The doctors contacted the Kelly Group and wrote to a national newspaper. They said: 'To die from haemorrhage, Dr Kelly would have had to lose about five pints of blood. It is unlikely from his stated injury that he would have lost more than a pint.'
Another medical expert and Fellow of the Royal College of Pathologists, Dr A Peter Fletcher, added in a letter to the press: 'Anybody who has seen five pints of blood spurted forcefully out of a severed artery will know that there is one hell of a mess.'
'The two searchers who found the body did not even notice that Kelly had incised his wrist with a knife.' A fifth medic, Professor Simon Kay, a plastic surgery consultant at Leeds Teaching Hospital, was even more robust when he entered the Dr Kelly debate.
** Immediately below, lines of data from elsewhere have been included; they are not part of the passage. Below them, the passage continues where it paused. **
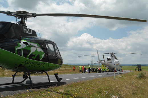 Two people were airlifted to Waikato hospital following the incident, which closed the road for a short period and acted as a landing zone for both helicopters.
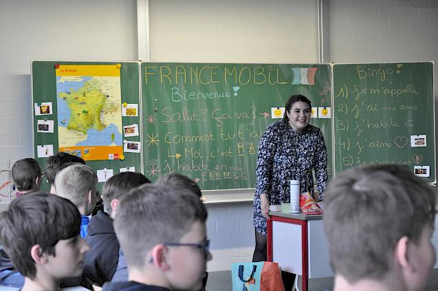 Bereits zum fünften Mal machte das französische "Kulturinstitut auf Rädern", das Francemobil des Institut français Stuttgart, am Werkgymnasium Station. Seine Fahrerin, die temperamentvolle Animateurin Margot Donadio, brachte südfranzösisches Flair in die Klassenstufen 7 und 8 und zeigte den Schülern, wie es ist, bei einer Muttersprachlerin einmal ganz anderen Unterricht zu erleben. Für einen abwechslungsreichen Vormittag war gesorgt und die Französischkollegen unserer Schule freuen sich darauf, bald wieder einmal das Francemobil hier zu Gast zu haben.
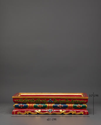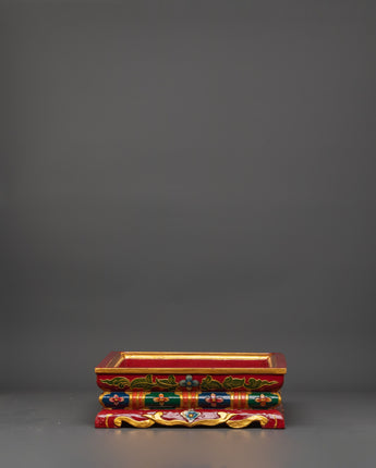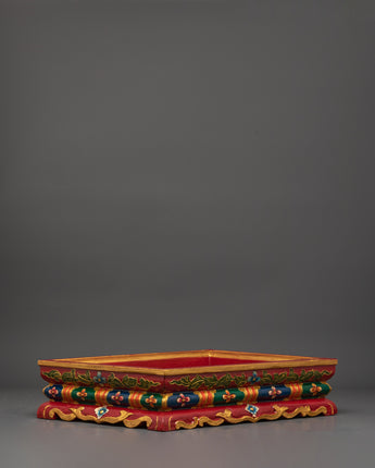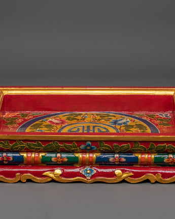 Handcrafted Wooden Tibetan Tray | Sacred Buddhist Altar

He said: 'The popular view that a slit wrist is likely to prove fatal is far wide of the mark. The natural and protective response of a divided artery is to constrict and prevent life-threatening haemorrhage.
'Ways around this might include lying in a hot bath... but certainly do not include lying in a cold field.' There are other tantalising questions. Why did David Kelly, a world-class scientist, choose to kill himself with what emerged at the Hutton Inquiry to be a blunt knife? And why did he choose the ulnar artery, deep inside the wrist, which is hard to get at and extremely unlikely to lead to death?
Martin Birnstingl, one of the country's most respected vascular surgeons, insists it would be virtually impossible for Dr Kelly to die by severing the ulnar artery on the little finger side of his inner wrist. Mr Birnstingl was until recently President of the Vascular Surgical Society of Great Britain and is a former consultant at Barts Hospital, London.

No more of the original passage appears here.